R.T.F.M.

If you work in I.T. you will no doubt have heard the abbreviation R.T.F.M. at some point. It stands for “Read The Frickin’ Manual”. As a Technical Communicator by trade it is always disappointing to hear it uttered. Hours and hours of research, learning and knowledge accumulation are pored into most software manuals, and all too frequently they are ignored.

“No-one reads the manual”?

So why do we bother? Like most professionals we take great pride in our work. We try and ensure that the information we present is technically accurate, written properly (frequently writing to ensure an easy translation is possible) and most importantly, of use to you the end user. So why don’t people use product documentation?

The advent of online help has moved the information you need into the product, so it’s only ever a button click away. Yet still it doesn’t get used. So what next? Microsoft tried to move things forward with the aforementioned Clippit. What was the customer reaction to Clippit? Well, new users loved it, but experienced users hated it. We now have applications that are led by the online help, stepping you through a task with additional information where needed.
So why doesn’t product documentation get used? Well, ask yourself this: if you experience a problem while using an application, what do you do? You ask someone else, or you search the web maybe, hoping to find a user forum, or possibly something on the company website that may help? Or do you just continue on within the application, hoping to solve your problem via trial and error? For the record I’ll plead guilty to all of the above.

Ultimately product documentation, of any form, presented in any manner, is never going to be well received.

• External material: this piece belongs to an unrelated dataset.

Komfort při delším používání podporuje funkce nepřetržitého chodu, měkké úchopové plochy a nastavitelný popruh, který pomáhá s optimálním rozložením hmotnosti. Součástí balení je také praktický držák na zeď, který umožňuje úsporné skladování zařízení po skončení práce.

After all no-one likes to admit that they don’t know something and turning to the product documentation is an admission of failure. Factor in most people’s experience with poorly written product documentation from a few years back at the start of the PC boom and you have a recipe for, well, empathy I guess.

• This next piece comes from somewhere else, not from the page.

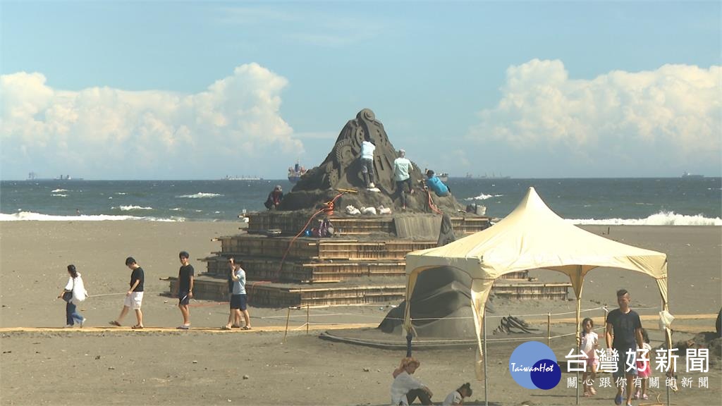 開幕進入倒數階段,原本快完工的沙雕,這波豪雨已經造成傷害,工作人員就靠著搭帳篷和努力上環保膠,讓沙雕固定,沒想到,豪雨造成的破壞,才剛修好,「瑪莉亞」強颱接力報到,這對沙雕來說,才真的是場大考驗。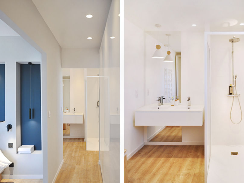 Après avoir consulté tous les membres de la famille sur leurs goûts respectifs, j’ai choisi de mettre l’accent sur la couleur et la lumière, pour une décoration équilibrée aux lignes épurées. Le grand séjour central donne le ton avec un espace affirmé, moderne et familial. Les luminaires et les couleurs particulièrement mis en avant dans ce projet, structurent, définissent, délimitent, soulignent, matérialisent et valorisent chaque espace.

Most software companies have at least one technical author. That technical communicator spends many many hours thinking about you. Analyzing what you might need, creating user profiles, and trying to figure out how best they can help you. How best to structure the information they are producing and whether it is the correct kind, and in the right order and a multitude of other factors that are discussed at length every time two technical communicators get together.

So I have a plea: Next time you find yourself stuck, or if you experience a problem with your software, check the documentation first, and if you don’t find what you want, let the company know. Somewhere in that company is a technical communicator who is crying out to receive some valid feedback, something concrete they can use to improve their product documentation.

Those technical communicators are constantly striving to improve what they and their company offer, both in the documentation and as user advocates within the development cycle. Go on, throw them a bone.